They were sitting together one evening in the jungle. The night was hot and the windows were open, but the curtains were drawn. The lamps were hidden behind the palms, and the room was full of mellow light. Hermia sat on a bank of soft, green cushions, and Quintard lay beside her. Hermia wore a loose gown of pale-green mull, that fell straight from her bosom’s immovable swell, and her neck and arms were bare. She had clasped her hands about her knee and was leaning slightly forward. Beside her was a heavy mass of foliage, and against it shone her hair and the polished whiteness of her skin.
“Now that you are famous, and your book has been discussed threadbare, what are you going to do next?” she asked him.
“I want to write some romances about the princely houses of India—of that period which immediately antedates the invasion of the East India Company. I spent a year in northern and western India, and collected a quantity of material.
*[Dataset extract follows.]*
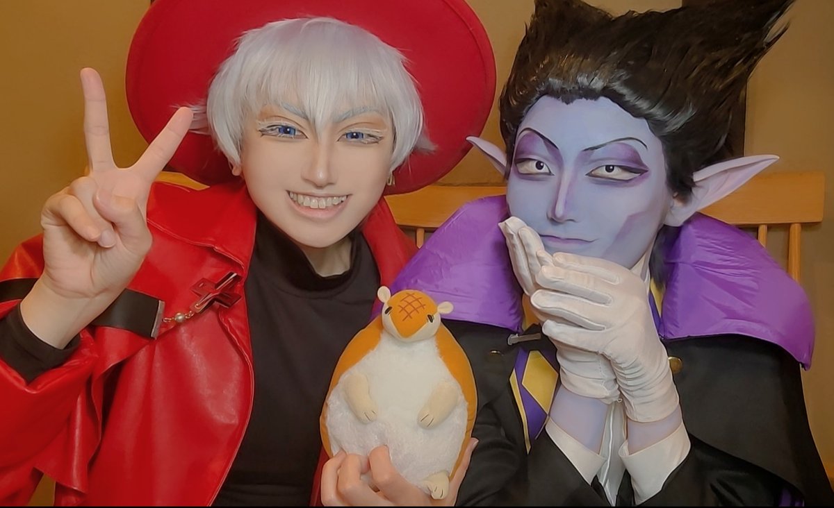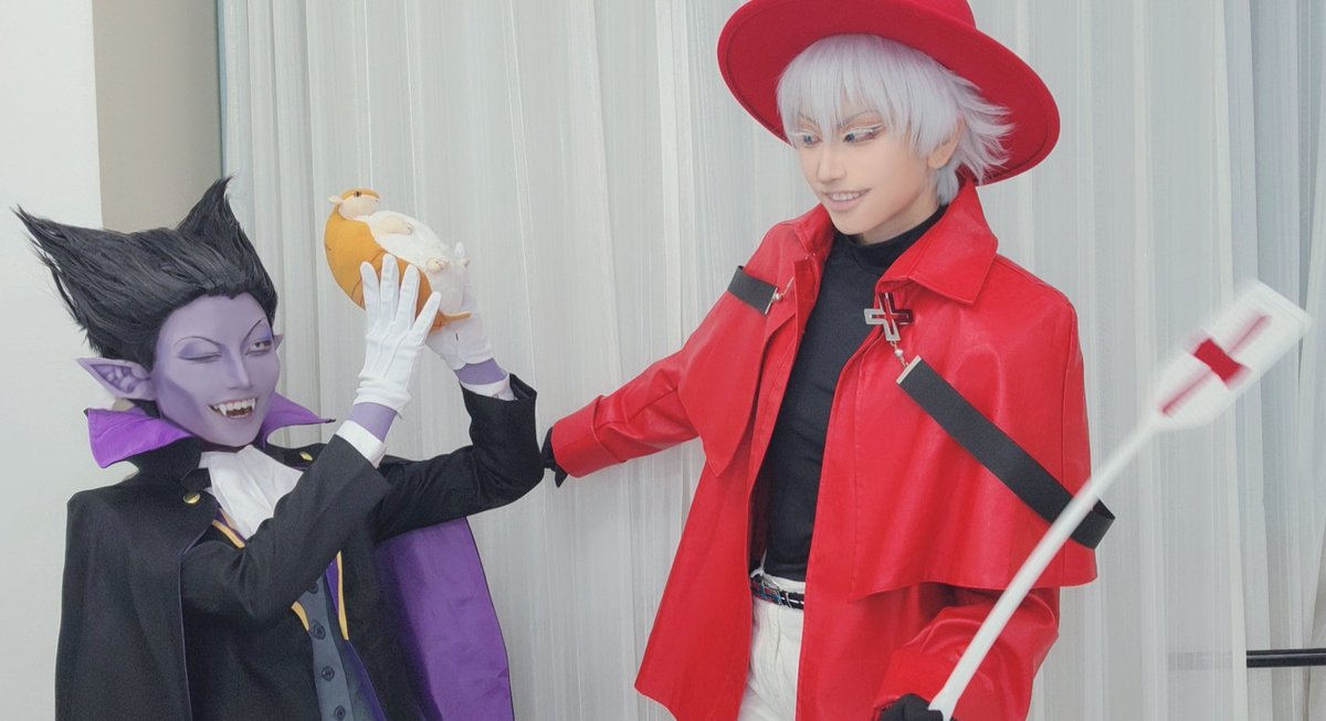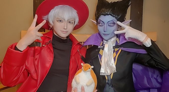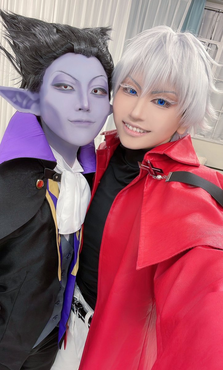 ※cosplay 吸血鬼すぐ死ぬ ⚰️ドラルク→私 ✝️ロナルド→さとちゃん ✨お速報✨ 吸死コラボルーム楽しみついでにコスもしてきた!!!! 初出し通常衣装手直しするところ多すぎてしんどい(笑) 寝落ちて死ぬほど楽しんできた✌️✨ この2人の衣装やりたいの多すぎて困る
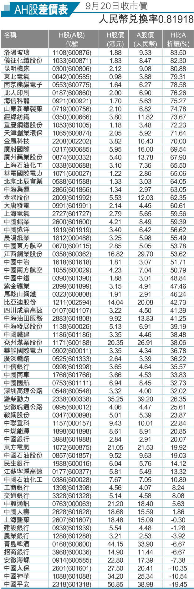 AH股差價表(9月20日收市價)人民幣兌換率0.81918

We know little of the picturesque side of India outside of Macaulay, Crawford, and Edwin Arnold, and it is immensely fertile in romance and anecdote. There never were such love-affairs, such daring intrigues, such tragedies! And the setting! It would take twenty vocabularies to do it justice; but it is gratifying to find a setting upon which one vocabulary has not been twenty times exhausted. And then I have half promised Mrs. Trennor-Secor to dramatize Rossetti’s ‘Rose Mary’ for her. She wants to use it at Newport this summer, or rather, she wanted something, and I suggested that. I have always intended to do it. But I feel little in the humor for writing at present, to tell you the truth.”
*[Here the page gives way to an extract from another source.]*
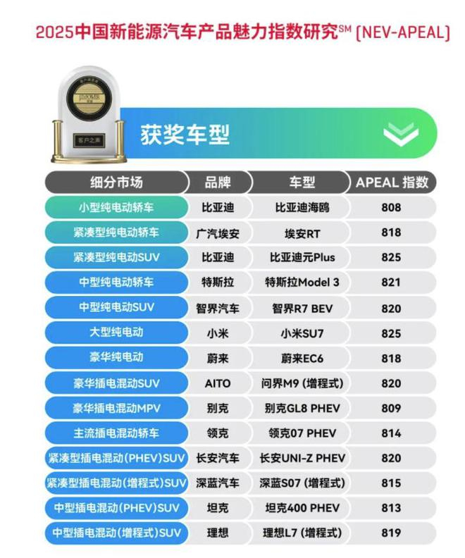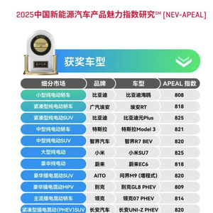 据悉,2025年的研究围绕新车的各个方面,来衡量车主对新能源汽车产品魅力的感受与满意程度,涉及11个车辆表现类别(外观造型、设置和启动、上/下车、车身内装、车辆性能、驾驶感受、安全感、车载信息娱乐系统、驾乘舒适性、燃油经济性和续航里程以及充电体验)的45个要素。同时,基于2024年7月至2025年1月之间购车的21,211位车主的真实反馈,研究覆盖48个品牌的122款车型,数据收集工作则于2025年1月至2025年3月间在81个主要城市进行。最终,比亚迪海鸥、特斯拉Model 3、小米SU7等车型,分别夺得小型纯电动轿车、中型纯电动轿车、大型纯电动等细分市场的第一名。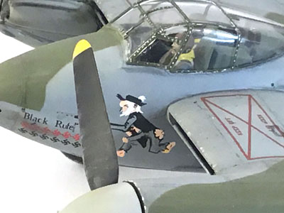 Souvent appelée la « Wooden Wonder » (la merveille en bois) , la conception de Mosquito a été presque abandonnée sur la table à dessin dans un brouillard de scepticisme. Cependant, lorsqu'un premier prototype a effectué son vol initial, les chiffres de performance et la facilité de manipulation ont tellement étonné le ministère de l'Air que l’avion, fabriqué presque entièrement en bois, a été précipitée en production. Le DeHavilland Mosquito s'est avéré être l'un des avions les plus versatiles et les plus utilisés de la Seconde Guerre mondiale. Il était capable d'une longue portée et d'une longue durée de vol, était très maniable et rapide, assez rapide en fait qu’il pouvait, pendant la majeure partie de la guerre, éviter les combattants ennemis en les distançant simplement avec sa vitesse maximale de près de 400 mph ( ou mieux dans certaines versions.) En même temps, le «Mossy» avait un coup de frappe formidable. Il était armé d'une batterie de nez composée de quatre mitrailleuses calibre 30 et de quatre canons de 20 mm. Le FB VI pouvait transporter deux bombes de 500 lb et pouvait également être armé de missiles qui étaient souvent utilisés dans des opérations anti-navigation. Comme bombardier non armé avec un équipage de deux personnes, il était capable de transporter une plus grande charge de bombes plus loin que le célèbre B-17 Flying Fortress à 4 moteurs. C'était l'avion de photo reconnaissance le plus productif de la guerre et était considéré comme l'avion d’attaque à très basse altitude le plus efficace. Ma maquette représente un Mosquito de l'ARC appartenait au 418e Escadron, « City of Edmonton Sqn », et était piloté par R.A. Bob Kipp basé à Middle Wallop, Angleterre, août 1945. |

He stopped abruptly, and Hermia clasped her hands more tightly about her knee. “What are your plans for ‘Rose Mary’?” she asked. “I hope you will have five or six voices sing the Beryl songs behind the altar. The effect would be weird and most impressive.”
“That is a good idea,” said Quintard. “How many ideas you have given me!”
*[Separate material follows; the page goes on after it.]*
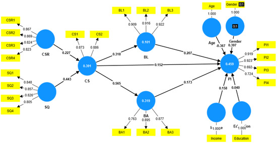 The hypotheses and conceptual model were evaluated using partial least squares (PLS) modeling, which is a variance-based structural equation modeling technique (Figure 1). For validation, it can be useful to test complex models using a smaller dataset. As far as sample size, data availability, and overall model complexity go, the PLS is more accommodating than its competitors [92,93]. For this study’s statistical analysis, we used SmartPLS 4.1.0. The program first establishes the validity of the instruments, and then it analyzes the interrelationships among the various components of the research framework. Using CFA, we conducted a series of reliability and validity tests on the following reflective constructs: convergent validity, discriminant validity, internal consistency reliability, and factor loadings. The constructs examined were corporate social responsibility (CSR), service quality (SQ), customer satisfaction (CS), brand admiration (BA), brand loyalty (BL), and purchase intention (PI). Items having factor loadings higher than 0.7 are highly satisfactory [94], while factor loadings of 0.5 or above are considered acceptable, the items with loading values of less than 0.5 should be dropped [95,96]. Each item had a factor loading of greater than 0.6, lending credence to the convergent validity of the constructs (Table 5) [90,95,97]. The reliability of the constructs was assessed using Cronbach’s alpha, which provided values greater than 0.7 in all cases. This indicates strong internal reliability and confirmatory competence [94]. The convergence validity of the constructs was demonstrated by the fact that the average variance extracted (AVE) values were greater than 0.5 [95]. The results can be trusted if the CR is more than 0.7, as recommended by [90].

“Tell me your general plan,” she said quickly.
He sketched it to her, and she questioned him at length, nervously keeping him on the subject as long as she could. The atmosphere seemed charged; they would never get through this evening in safety! If he retained his self-control, she felt that she should lose hers.
She pressed her face down against her knee, and his words began to reach her consciousness with the indistinctness of words that come through ears that are the outposts of a dreaming brain. When he finished he sat suddenly upright, and for a few moments uttered no word. He sat close beside her, almost touching her, and Hermia felt as if her veins’ rivers had emptied their cataracts into her ears. Her nerves were humming in a vast choir. She made a rigid attempt at self-control, and the effort made her tremble. Quintard threw himself forward, and putting his hand to her throat forced back her head. Her face was white, but her lips were burning. Quintard pressed his mouth to hers—and Hermia took her ideals to her heart once more.
Time passed and the present returned to them. He spoke his first word. “We will be married before the week is out. Promise.”
He left her suddenly, and Hermia sank back and down amidst the cushions. Once or twice she moved impatiently. Why was he not with her? The languor in her veins grew heavier and wrapped her about as in a covering. She slept.